I resumed the knee-bashing descent, most of which provides impressive views up the upper sespe. This is the kind of view that I enjoy traveling through, grand and broad. I could broadly state that my truck seemed grandly far away.
Trip Stats:
Distance: 17 miles round trip
Elevation gained: Over 4,000ft
Time (including breaks): 6hours 20 min

Below: Remains of somebody's bad day, Hwy 33, right above the Snakepits.
Below: Mt Reyes over Piedra Blanca, clouded over as the day grew long.

Tuesday, April 19, 2011

Banged up, hunting for sun, Tar Creek, 04/19/2011

Yesterday I ate shit in a creek, dislocated my my finger in addition to other tissue insults, saw a bobcat, and pissed off a rattlesnake. Today I'm feeling pretty banged up and not into going far or getting hurt in the process. I know I've chastised myself for numerous returns to Tar Creek, and I've recently said that I would be mixing some things up (and I will), but I wasn't feeling very adventurous today so I just sauntered down to the Land of the Lost and parked my butt on a warm rock.
I spent a few hours lazing around at the pools. Completed both the LATimes & NYTimes crosswords, thought about very little of consequence. Not a bad way to pass time, I say.

Monday, April 18, 2011

Lions Canyon Run, 04/18/2011 (a bobcat, a buzzworm, and a busted digit)

What the hell happened to the beautiful, sunny weekend we just had?!? You know, the one that I spent on-call and at work. I got a chance to leave work in the noon hour and bolted out the door, only to be reminded that getting out from under the marine layer would involve some driving.
My first thought was that Matilija might be sunny...wrong! I just kept driving up the 33. The fog and cloud parted at the crest and I drove down into a green and bright Rose Valley.
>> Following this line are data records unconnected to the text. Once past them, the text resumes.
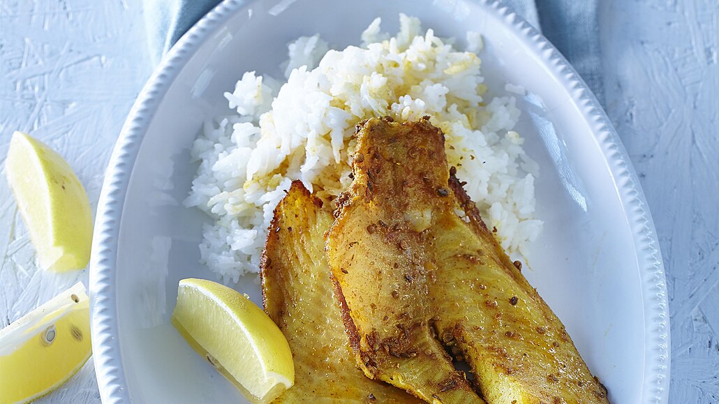 - Koriandr, chilli koření, kurkumu, kmín, sůl a citrusovou šťávu promícháme s asi 6 lžícemi oleje, aby vznikla hustá, poměrně slaná marináda. Potřeme jí rybí steaky po obou stranách a necháme asi 15 minut odležet.
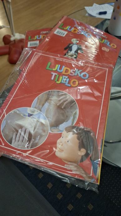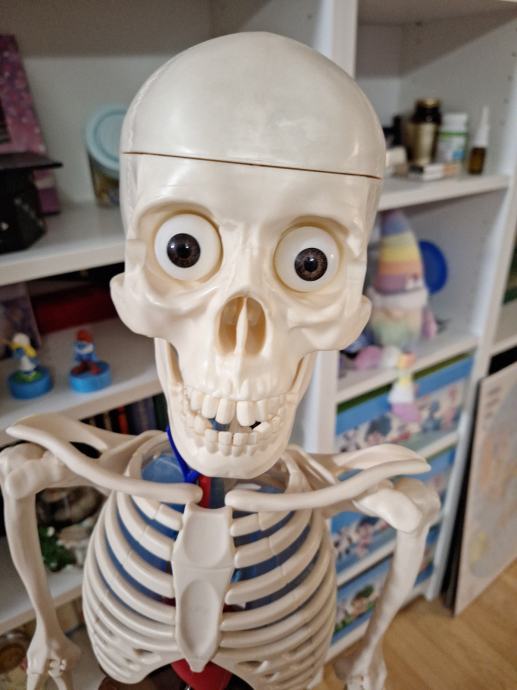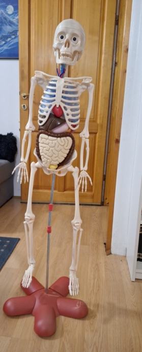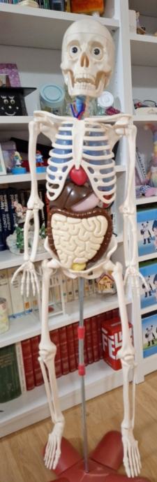 Dijelovi za slaganje (kostur s organima sastavljen kao što je prikazano na slici, mišići i glava se mogu sastaviti). Dolazi sa stalkom koji je popravljan i knjižicama s opisima dijelova tijela.
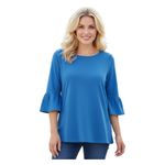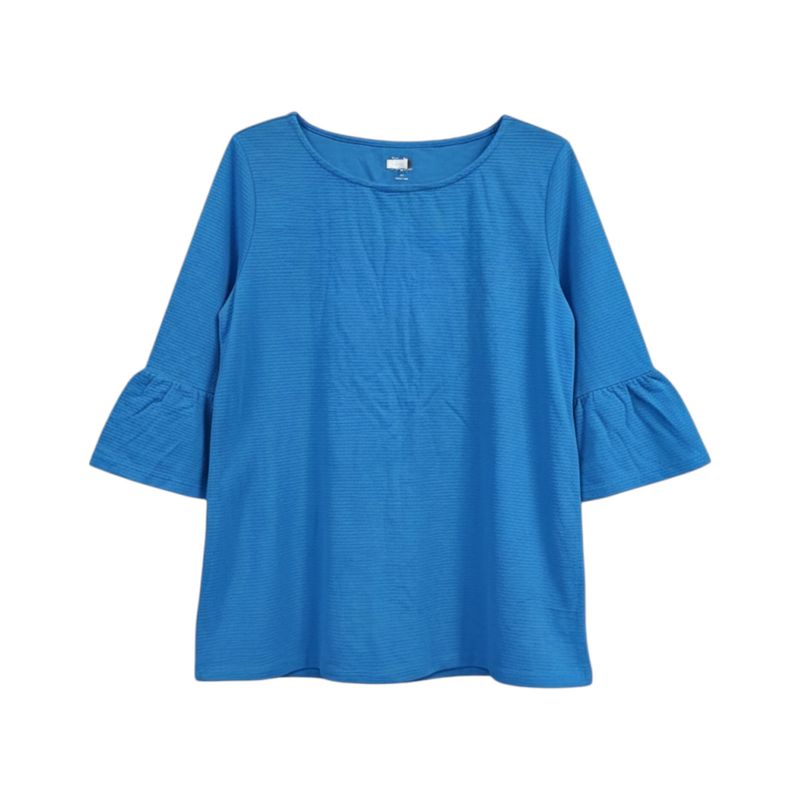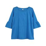 Bluză damă albastru – mânecă 3/4 cu volane N250720032
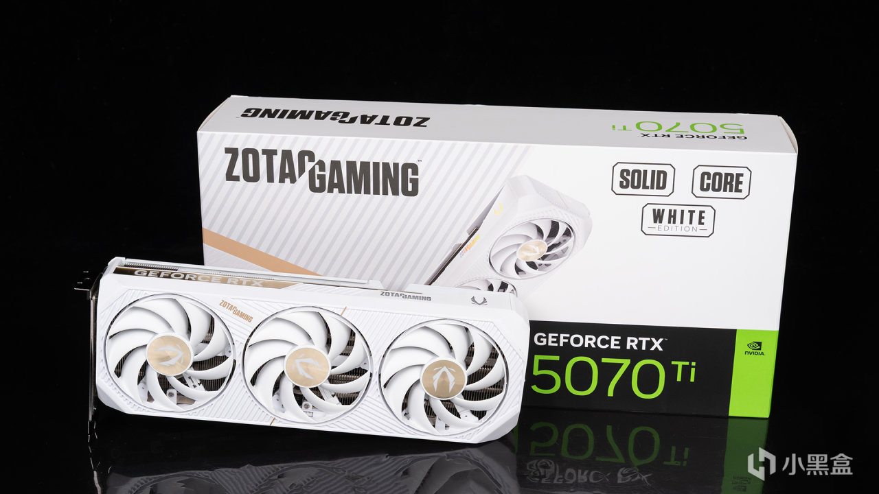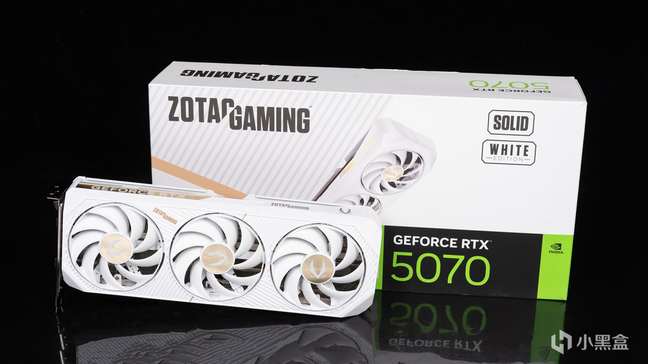 第三款索泰中高端产品——GEFORCE RTX 5070 SOLID CORE OC WHITE,外观尺寸和上述RTX 5070 Ti一致,SOLID CORE系列主打超薄机身中高端产品——只占据2.5槽,更适合在狭窄空间的紧凑机箱安装。
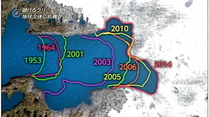 ところが温暖化の影響で氷が溶け、氷河は入り江の奥へ奥へとどんどん後退していて、特に2000年頃からそのスピードが加速しているのです。
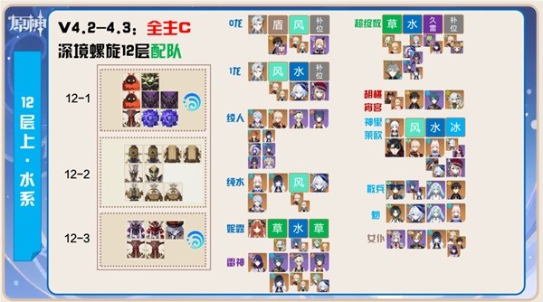 以上就是给大家带来的《原神》4.2版本深境螺旋全主C队伍搭配啦,想要了解原神更多最新资讯与攻略,可以多多关注我们手心游戏攻略网站捏。
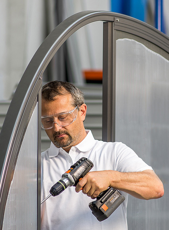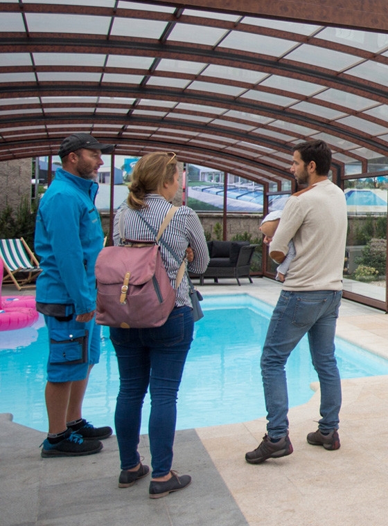 You can choose the shape or colour of the pool enclosure structure. We offer several options.
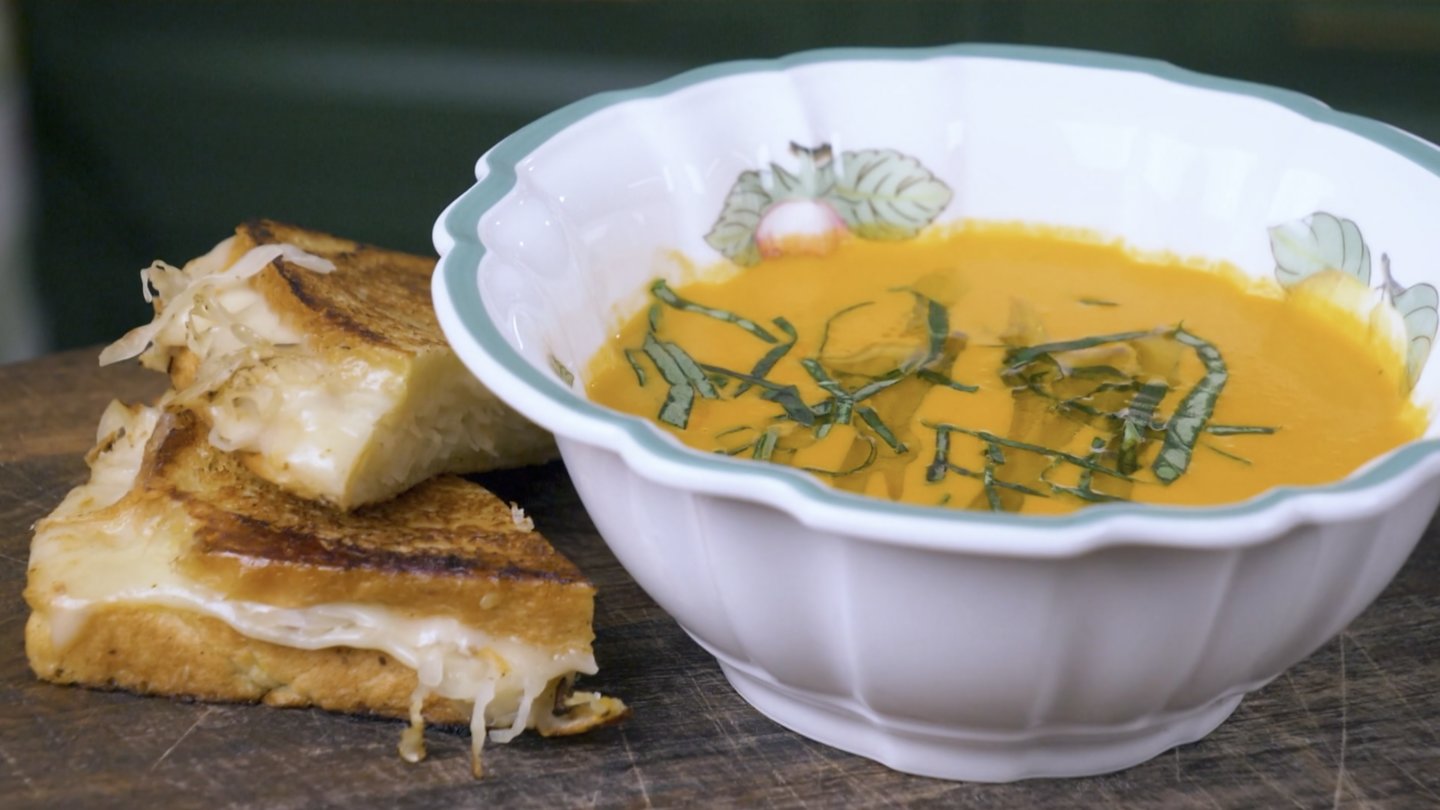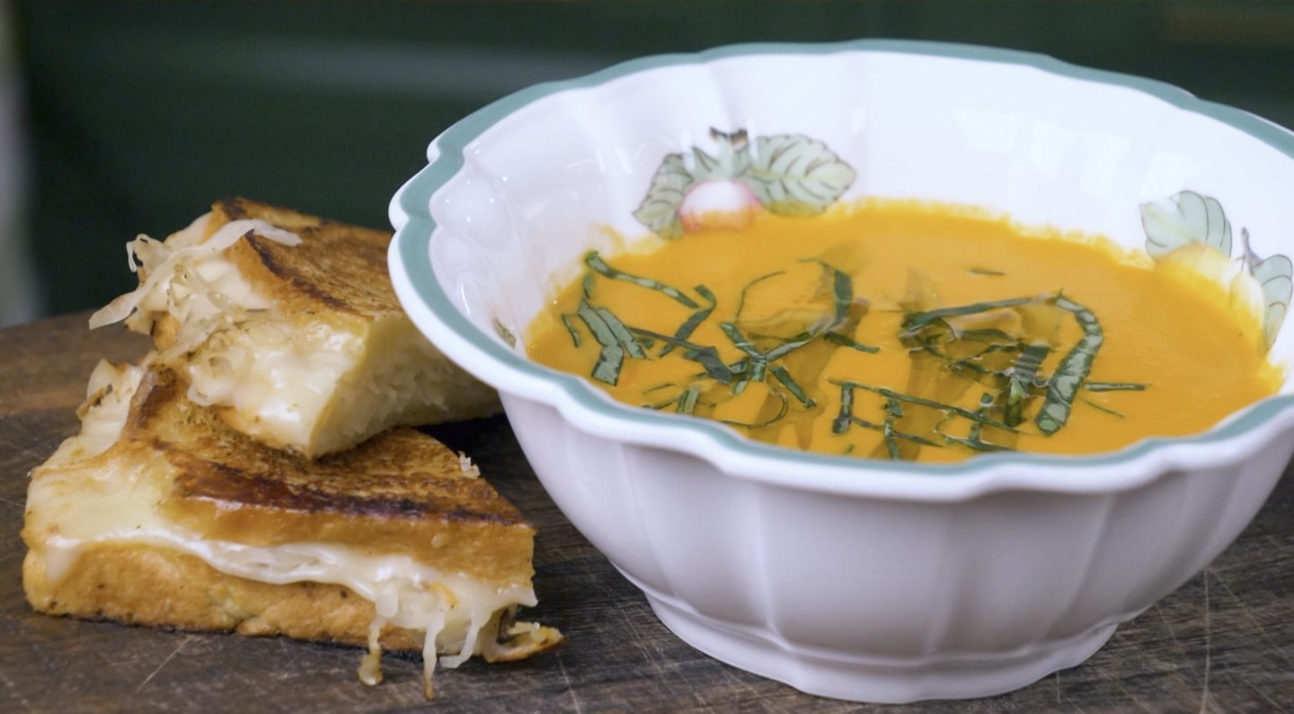 Įkaitinkite keptuvę, įpilkite šlakelį aliejaus ir apkepkite sumuštinį iš abiejų pusių. Patiekite, kol karštas, kartu su sriuba.
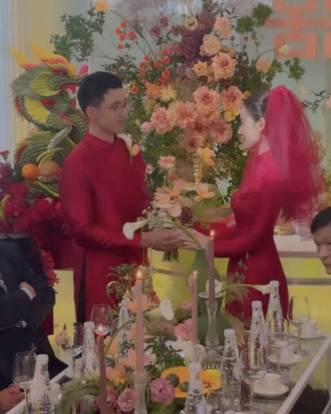 Một số ý kiến cho rằng, do đây là tiệc đám hỏi nên cặp đôi lựa chọn khá đơn giản, nhanh gọn. Có lẽ tiệc cưới của cặp đôi tới đây mới thật sự "bùng nổ" bởi các món sơn hào hải vị hấp dẫn, đẹp mắt, khiến dân tình trầm trồ.
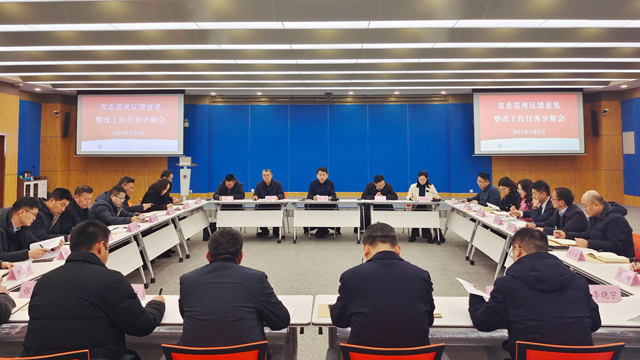 閭浩簡(jiǎn)要介紹了省委巡視反饋意見(jiàn)的總體情況及分解原則。他強(qiáng)調(diào),學(xué)校各單位要堅(jiān)決貫徹落實(shí)省委和校黨委部署要求,堅(jiān)持把抓好巡視整改工作作為推進(jìn)全面從嚴(yán)治黨的有力抓手和推動(dòng)學(xué)校高質(zhì)量發(fā)展的重要契機(jī),切實(shí)擔(dān)起整改主體責(zé)任,堅(jiān)定不移做好巡視“后半篇文章”。閭浩就扎實(shí)推進(jìn)我校巡視整改工作提出三點(diǎn)要求:一是提高政治站位,從政治和全局的高度認(rèn)識(shí)巡視整改工作,準(zhǔn)確把握時(shí)間節(jié)點(diǎn),厘定整改責(zé)任,對(duì)照認(rèn)領(lǐng)問(wèn)題清單,研究制定務(wù)實(shí)有效的整改舉措;二是強(qiáng)化擔(dān)當(dāng)作為,各相關(guān)單位主要負(fù)責(zé)人要扛起“第一責(zé)任人”職責(zé),堅(jiān)持問(wèn)題導(dǎo)向,壓實(shí)主體責(zé)任,注重統(tǒng)籌協(xié)調(diào),做到真認(rèn)賬、真反思、真整改、真負(fù)責(zé);三是深化標(biāo)本兼治,堅(jiān)持“當(dāng)下改”與“長(zhǎng)久立”相結(jié)合,確保問(wèn)題整改“事事有舉措、件件有著落”,尤其要聚焦深化改革,聚力完善制度機(jī)制,切實(shí)做到“整改一個(gè)問(wèn)題、完善一套制度、堵塞一批漏洞”,不斷提升辦學(xué)治校能力和水平,促進(jìn)學(xué)校事業(yè)高質(zhì)量發(fā)展。
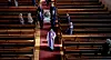 Begravelse i Grefsen kirke i Oslo under koronatiden i mars. De frammøtte og familie sitter med god avstand til hverandre.
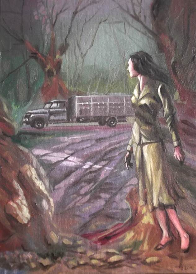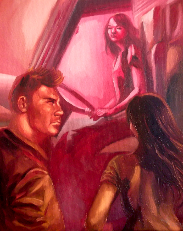 Ilustración capítulo 31 para la novela punta de pistola. Óleo sobre cartón, 27x22cm.
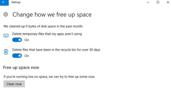 開啟后用戶還需要進一步的設置,總共也就兩個功能,第一個選項是允許系統30天自動清空回收站,而第二個選項的具體意義不明,但猜測應該是能夠自動清除C:/Temp文件夾下的臨時文件。
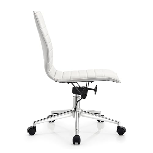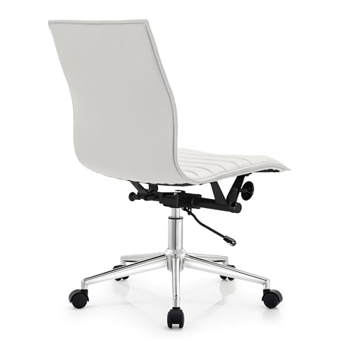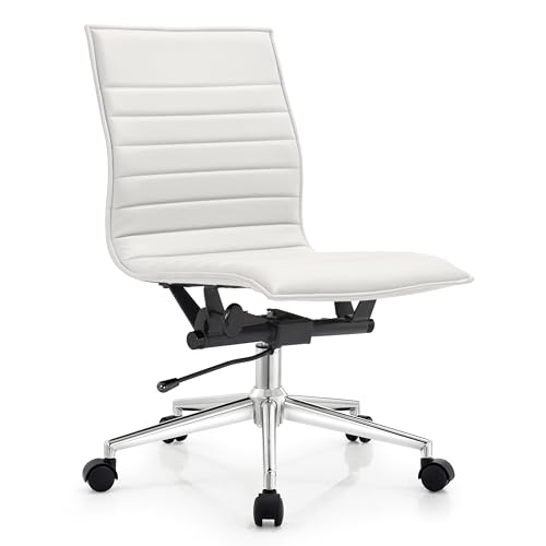 2xhome - 2xhome Modern Office Desk Chair Mid Back Ribbed PU Leather Conference Task Armchair with Swivel Tilt & Adjustable Height, White, Single, Set of 1
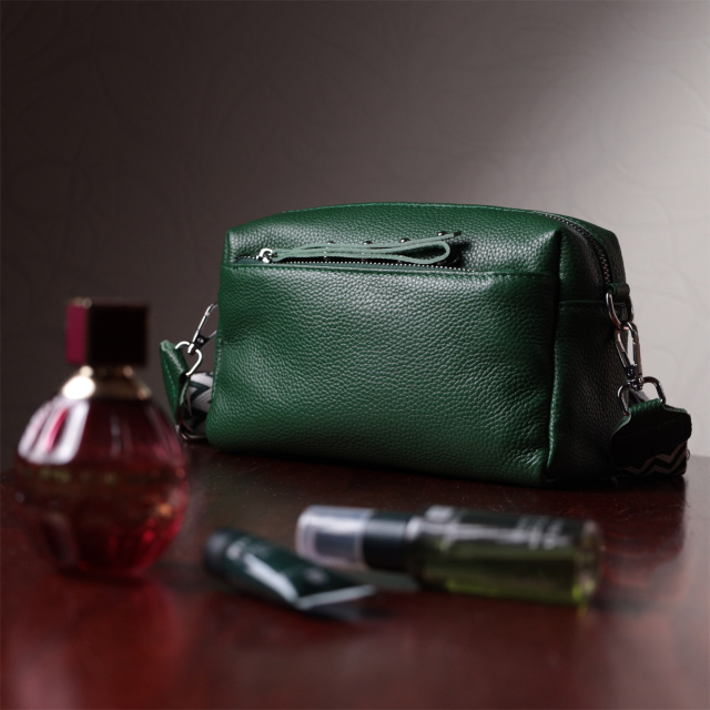 Стильная женская идеальная по размеру сумка из натуральной кожи. Аксессуар состоит из основного отделения, что закрывается на молнию, кармана на молнии и кармана открытого типа внутри, двух карманов на молниях снаружи, на тыльной и лицевой стороне. Носить сумку можно на плече и через плечо, для этого имеется съемный текстильный ремень.
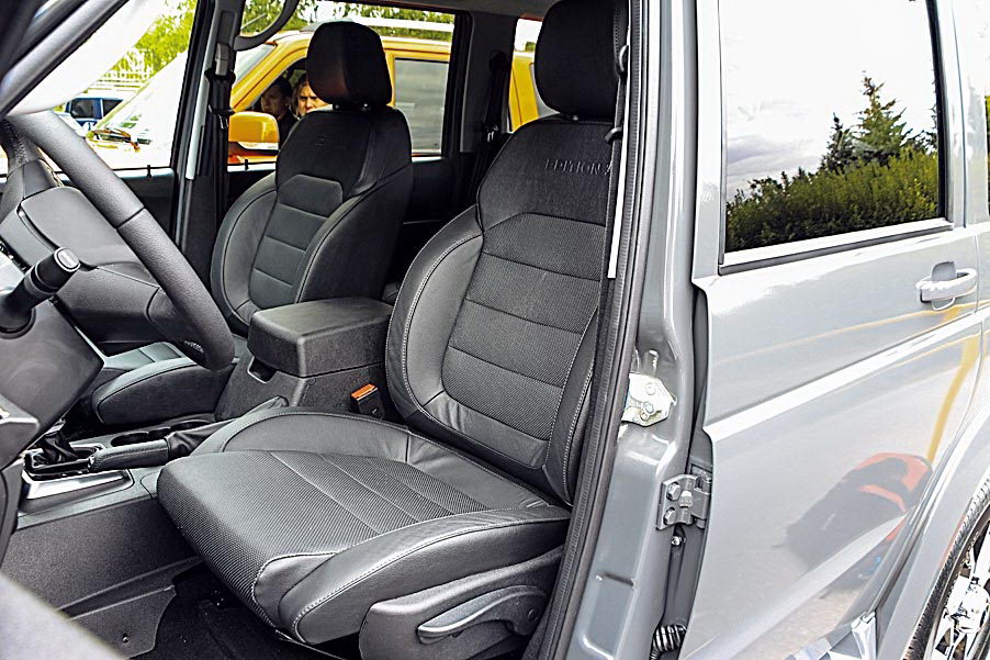 Патриот с автоматом можно вычислить по решетке радиатора (вместо хрома она обрамлена черным лаком) и оригинальным колесам. Понравилось новое водительское сиденье. Такое будет на всех автомобилях новой серии Edition I – с лучшей боковой поддержкой и в меру жесткой набивкой (не «табуреточной», как это было прежде). На фоне селектора автомата и двух педалей затерялась даже новая мультимедийная система, хотя ее тоже основательно перетряхнули и дополнили функционал. Изменилось меню, улучшены отклики экрана на касания – теперь вместо чрезмерно медленных они просто медленные.

With the limited time I had due to the late hour I opted for a quick circuit of the Lions Canyon and it's east and west fork falls. I took the connector trail that starts just at the entrance to the Rose Valley campground.
West Fork Falls, Lion Creek (above)
I remembered why I liked the connector trail. I takes you up over a ridge and down into Lions Canyon. It's an interesting and varied trail and right now is the time to see it. All the little watercourses are streaming and everything is green.
The West Fork falls are kind of fun to get to. Taking the creek upstream from the WFork camp is pretty and shaded. There are a bunch of old sycamores just before this neat 12 foot falls. Of the 2, the West Fork feels a bit more remote.
I was leaving the falls when I messed up and crashed head-first down some largish rocks into the creek. Yeah, I ate shit. Bashed my knee pretty good. When I could stand and knew that the knee would hold weight, I addressed a corona of pain blossoming in my right hand. I realized that, not only was my right pinky finger not working, but it was also facing the wrong direction. Without giving myself a lot of time to think about what I was doing, I grabbed that digit and yanked hard, added a twist at the end, and felt it pop back into place. A few minutes later I headed over to the East Fork.
The East Fork is more of a collection of waterfalls, most of them less than 10 feet in height, and did I say pretty? Yes, this is a very pretty place and well worth visiting. I think I was 11 years old the first time I saw these falls. It's funny how I forgot how much I like this hike.
A couple other interesting things occurred in addition to the manual, on-site dislocated finger reduction. I pissed off my first rattler of the season. He was in the brush and grass a few inches from the trail and the warning buzz convinced me not to investigate. And to put nice little bow on the day, I spooked a healthy bobcat who had been hiding under a tree full of chirping birds. I guess I wrecked his shot at an early evening snack. All in all, it became a very eventful unplanned afternoon. The 6 mile hike took me 2:45 minutes with stops at both falls. And yes, the finger hurts like hell.